Numinex

openai:o3-2025-04-16 via @hdevalence.bsky.social

2025-07-03T00:07:46.000Z

Gemma-2 uses the (approximated) GeGLU activation in every feed-forward (MLP) block.

Definition (KaTeX notation only)

Split the input vector $x$ of size $d\_{model}$ into two halves $x\_a$ and $x\_b$ (each size $d\_{model}$ ).
The linear layer projects each half to size $d\_{ff}$ , giving $h\_a,\;h\_b\in\mathbb R^{d\_{ff}}$ .

\text{GeGLU}(x)=\text{GELU}(h\_a)\;\odot\;h\_b

where $\odot$ is element-wise multiplication, and GELU is the Gaussian Error Linear Unit

\text{GELU}(z)=0.5\,z\left(1+\tanh\!\bigl[ \sqrt{2/\pi}\,(z+0.044715\,z^{3}) \bigr]\right).

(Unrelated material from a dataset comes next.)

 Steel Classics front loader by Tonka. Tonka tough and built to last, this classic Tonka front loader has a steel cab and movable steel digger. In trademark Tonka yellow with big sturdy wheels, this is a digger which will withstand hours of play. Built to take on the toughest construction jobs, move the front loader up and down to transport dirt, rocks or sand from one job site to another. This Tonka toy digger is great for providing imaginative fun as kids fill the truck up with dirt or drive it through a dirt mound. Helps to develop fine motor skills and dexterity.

(The “approximated” qualifier refers to using the tanh-based approximation of GELU shown above, which avoids the exact error-function call.)

Why GeGLU was chosen

• Gating improves expressiveness. Multiplying one branch by a nonlinear gate lets the MLP model input-dependent feature selection, which simple ReLU or GELU alone cannot do.

• Higher parameter efficiency. With a gate the projected dimension can be kept large (Gemma-2 uses $d\_{ff}$ much larger than $d\_{model}$ ) without destabilising training, giving more capacity per parameter than a plain linear-GELU block.

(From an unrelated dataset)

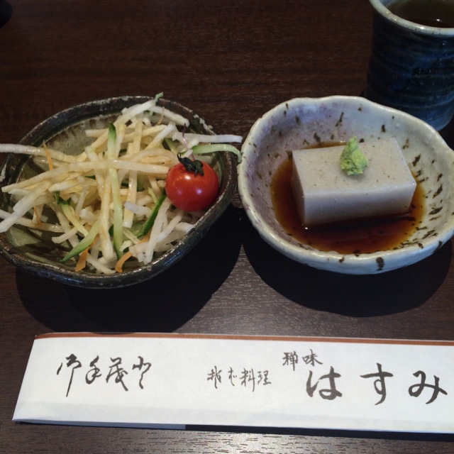 一つの小鉢は大根、きゅうり、ミニトマトのサラダで、もう一つは蕎麦豆腐だ。

• Empirical gains. Prior work (e.g.\ in LLaMA, PaLM, Gemini) showed that GeGLU or its sibling SwiGLU yields better perplexity for the same compute; the Gemma-2 ablations confirmed the same trend.

• Stable gradients. GELU’s smoothness plus the gating term reduces activation variance compared to ReLU, helping very deep networks (Gemma-2 has up to 46 layers) train reliably.

• Fast to compute. The tanh approximation is implemented with elementary ops that vectorise well on TPUs/GPUs, so GeGLU adds negligible latency compared with ReLU or GELU alone.

In short, Gemma-2 keeps the strong empirical performance of recent gated activations while remaining computationally lightweight, hence the choice of approximated GeGLU.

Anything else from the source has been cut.